Victims gather for film aimed at countering Bobby Sands movie

Relatives of IRA murder victims have gathered to watch a film produced to counter the portrayal of the republican hunger strikes in a new documentary-style movie.

By The Newsroom
Thursday, 11th August 2016, 8:43 am
Updated Thursday, 25th August 2016, 6:36 pm
June McMullin pictured on Wednesday evening. She is the widow of Constable John Proctor - a reserve RUC man killed by the IRA in 1981, the year of the Hunger Strike.
June McMullin pictured on Wednesday evening. She is the widow of Constable John Proctor - a reserve RUC man killed by the IRA in 1981, the year of the Hunger Strike.

Titled ‘Remembering Those who had No Choice’, it has been created by a victims’ group in direct response to the recently-premiered ‘66 Days’.

The latter film, about the Maze prison hunger strikes of 1981 and based on Bobby Sands’ diaries, has divided opinion in Northern Ireland.
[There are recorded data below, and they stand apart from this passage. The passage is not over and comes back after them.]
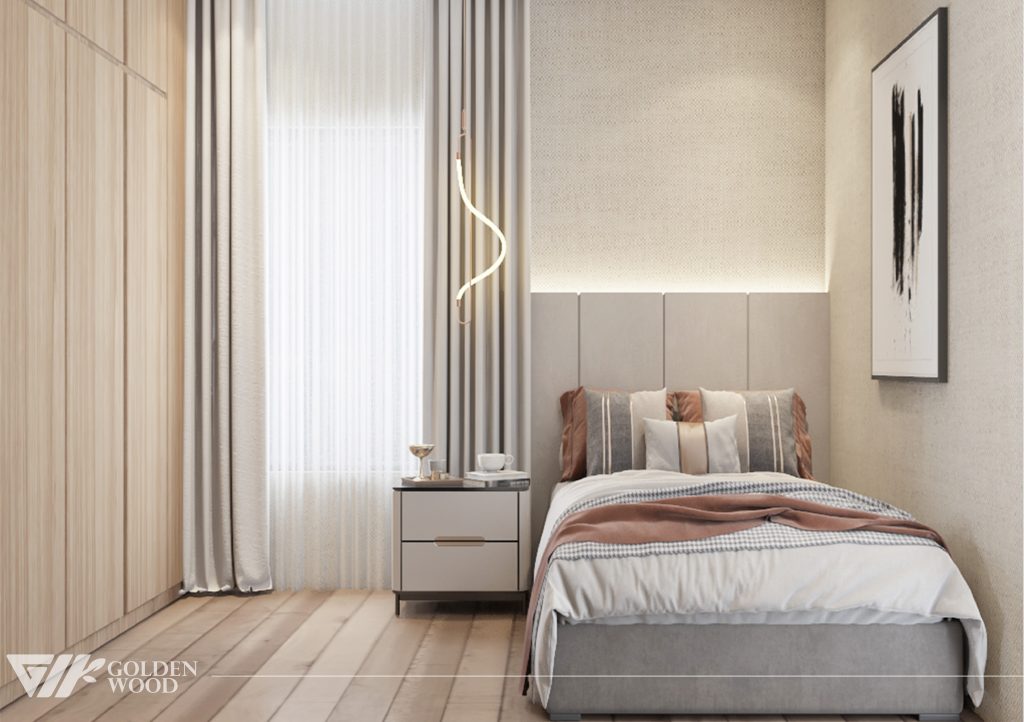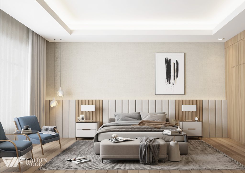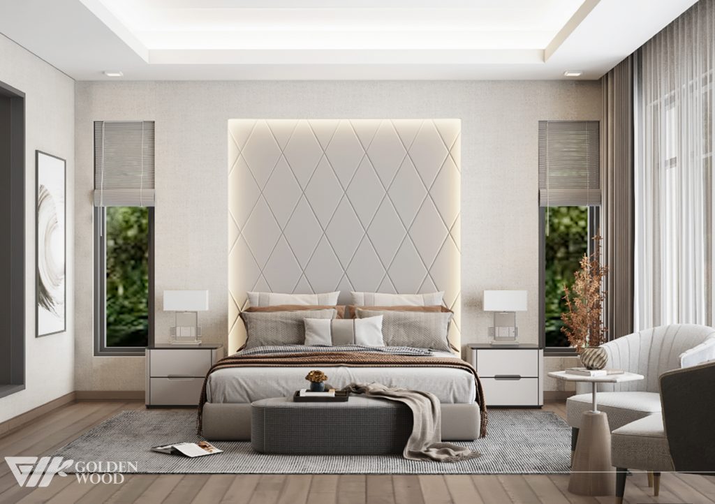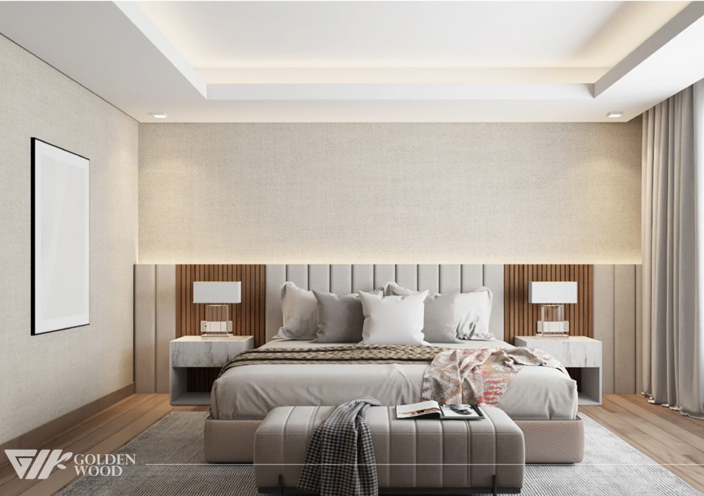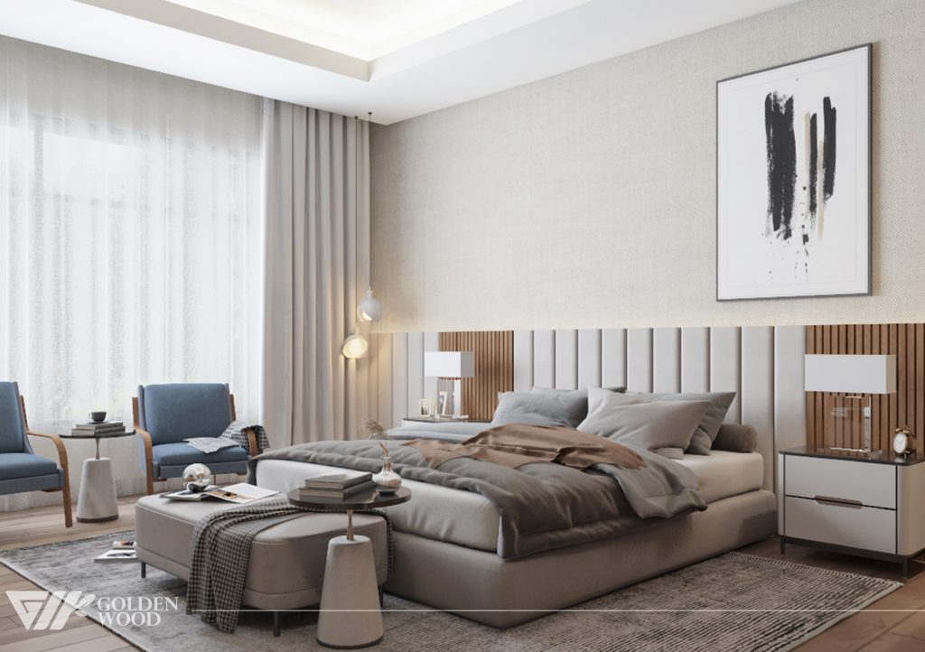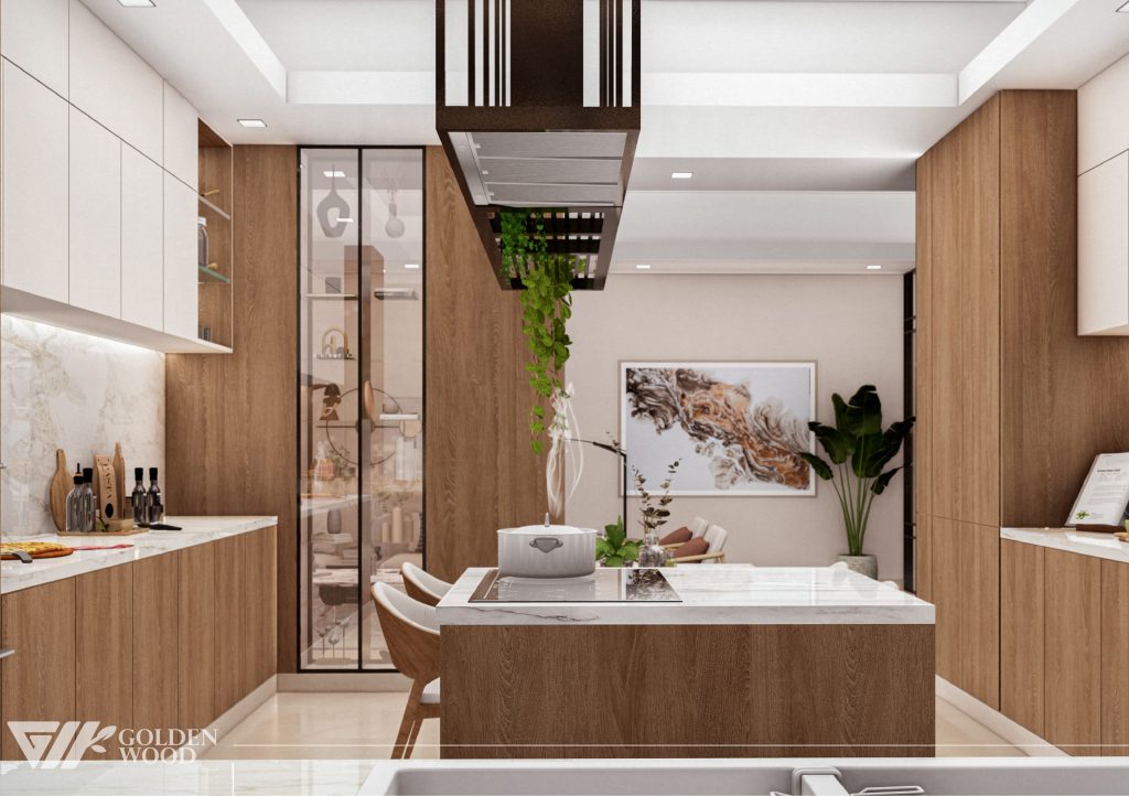This project features a modern and elegant interior design with a focus on functionality and luxury. The kitchen combines sleek wood finishes and marble countertops, while the living room boasts soft tones and contemporary furnishings. The walk-in closet is a sophisticated, organized space with glass-front storage and ambient lighting. The design balances minimalism with comfort, creating a refined and inviting atmosphere throughout.
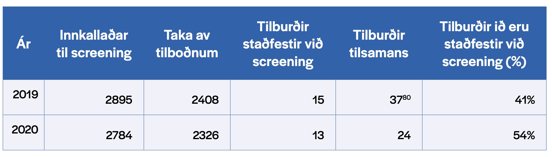 Sum tað sæst á talvuni niðanfyri, verða fleiri tilburðir av bróstkrabba uppdagaðar í hesum kanningunum. Tey bæði árini 2019 og 2020, vórðu 41 prosent og 54 prosent av øllum tilburðunum av bróstkrabba, uppdagaðar undir hesum kanningunum. Í 2029 vóru 15 tilburðir uppdagaðir í hesum kanningum og í 2020 vórðu 13 tilburðir uppdagaðir upp á hendan mátan.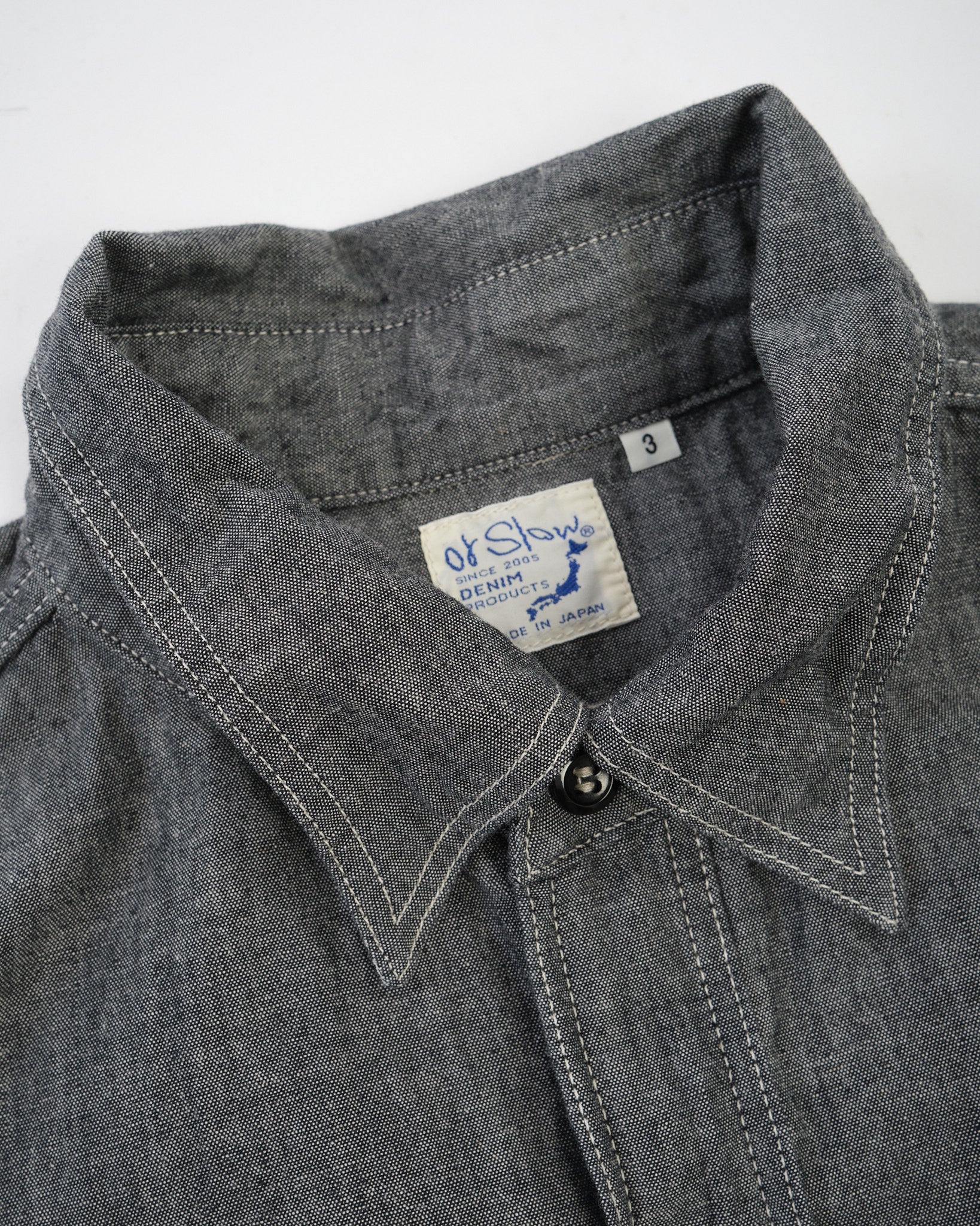 La coupe relax offre de l'espace au niveau des épaules et de la poitrine, tandis que des détails traditionnels—comme les poches poitrine symétriques, les goussets latéraux, et un ourlet renforcé—ancrent le design dans les inspirations archivistiques de orSlow. C'est une chemise faite pour être portée intensément, adoucie seulement par l'expérience.

Critics have branded the docu-drama, by Irish director Brendan Byrne, overly sympathetic to Sands and his cause, while others have acclaimed it for offering a balanced view of the turbulent period of The Troubles.

Sign up to our daily newsletter

The South East Fermanagh Foundation (SEFF), a victims’ group in the west of the region, has produced its own film telling the stories of the 57 other people, including a number of children, killed in the conflict during the 217-day period when the 10 republican hunger strikers died.

Valerie Hetherington, whose father Alfie Woods was a RUC officer murdered by the IRA in Omagh in August 1981, attended the premiere of the film in Enniskillen.

“Our family felt it important to be present tonight where our dad and all the other innocents who had no choice are being remembered,” she said.

“My dad was a hard-working family man who was committed to doing his best for us and the community which he served. My dad was murdered within days of a hunger striker’s death.

“We have little doubt as a family that the volatile situation created by that hunger strike meant it more likely that our father could come under attack and ultimately be murdered.

“It is important that we as innocent victims and survivors of terrorism come together in unifying against attempts to re-write the past. Terrorists and their political spokesmen and women will not succeed – the truth must and will prevail.”

Kenny Donaldson, director of services at SEFF, said the film offered a “dignified” response to 66 Days.

“It is important to remember, but also honour, all those whose lives were extinguished outside the Maze prison walls over one of the most turbulent periods in our history,” he said.

“Inside those prison walls 10 men took the choice, with the leadership of the republican movement at their back, to complete suicide.

“Those murdered and killed outside those prison walls did not have the choice to live because in most cases others decided that they had a right to play God in determining who would live and who should die.”

Mr Donaldson described the death of the hunger strikers as a “human tragedy”.

“No one with a semblance of Christianity within their DNA would take glee in their demise,” he said.

“Their families left behind mourn their loss and we acknowledge that.

“But what we will not ever acknowledge or accept is the manipulation of the truth. The 10 men who died on hunger strike were terrorists, they were insurrectionists and they were criminals.”